Come vivere pienamente e diventare persone migliori secondo il più grande artista del Novecento

Nel volumetto curato da Marco Fagioli, intitolato Pablo Picasso. L’immaginazione al potere (Edizioni Clichy, collana Sorbonne dedicata ai ritratti dei grandi della storia), c’è tutto quello che dovete sapere sull’artista spagnolo più influente del secolo scorso: vita, morte, amori e miracoli, ma soprattutto alcuni ottimi consigli sull’arte e sulla vita in generale.

Leggendo, per esempio, si impara che la vita è un gioco e che se Gary Cooper vi regala una pistola (Cannes, 1958) la cosa giusta da fare è mettersi un cappello da cowboy e giocare al pistolero, come dimostrano alcune delle belle foto che corredano questo volumetto. Se l’ha fatto Picasso potete farlo anche voi. Certo, forse non uscirete con Brigitte Bardot e non avrete il mondo femminile ai vostri piedi (come invece è stato per Picasso tutta la vita), e magari non rivoluzionerete il mondo con un movimento artistico -il cubismo- che cambierà per sempre il concetto stesso di arte, però potrete rivedere la vostra scala di priorità e decidere finalmente di lasciarvi alle spalle quello che da troppo tempo non riuscite a lasciarvi alle spalle.

“Bisogna uccidere l’arte moderna” diceva il grande artista, “Questo significa anche che bisogna uccidere se stessi, se si vuole essere in condizioni di fare qualcosa”. Ogni momento è buono per fare la rivoluzione, insomma, perché “Ogni atto di creazione è, prima di tutto, un atto di distruzione”.Il problema però, come ricorda il curatore Marco Fagioli, è che Picasso era un genio. Per il grande artista, che non ebbe un apprendistato tradizionale né alcun maestro, la rivoluzione era, come dire, a portata di mano. Fin da giovanissimo, al contrario della maggior parte di noi, fu un artista compiuto.

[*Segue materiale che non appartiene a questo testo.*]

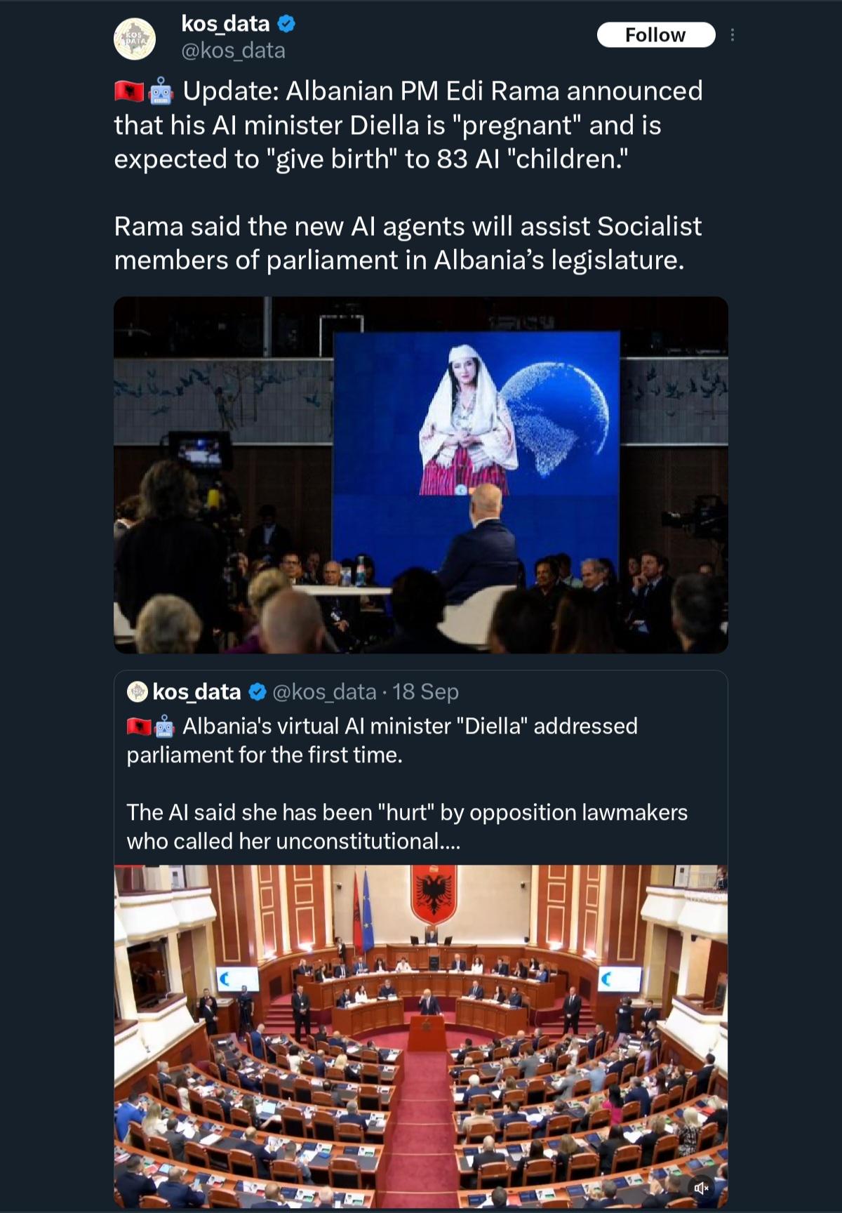 >>2532660>How was Albania anti-revisionist? I'm unfamiliar with this argument.Albania under Enver Hoxha prided itself on this strict interpretation of Marxism-Leninism that held that it was the only socialist country in the world and that all the other socialist countries became capitalist. It denounced Yugoslavia, the Soviet Union and later its only ally China and by the 1980s was stagnant and isolated. Now OpenAI runs the Albanian government. Pic related.

Ma un talento eccezionale può essere il più grande dei pericoli se quello che vuoi è non essere mai uguale a te stesso, e anche un genio deve fare i compiti a casa. Con la modestia che gli era propria, scrisse infatti in tarda età: “A quattro anni dipingevo come Raffaello, poi ci ho messo una vita per imparare a dipingere come un bambino”. I compiti a casa bisogna farli tutti, geni e non geni.

E anche a scuola non ci si può distrarre un attimo. “L’insegnamento accademico della bellezza è falso” scrive Picasso, “L’arte non è l’applicazione di un canone di bellezza, ma ciò che l’istinto e il cervello possono concepire indipendentemente da ogni canone. Quando si ama una donna non si fa ricorso a strumenti di misura per conoscere le sue forme: la si ama con tutto il desiderio possibile; eppure è stato fatto di tutto per applicare un canone all’amore”. Come l’artista, anche l’uomo dopo aver appreso sui banchi le nozioni fondamentali deve avventurarsi nel mondo, e non può farlo armato solo di compasso e righello come un bravo scolaretto.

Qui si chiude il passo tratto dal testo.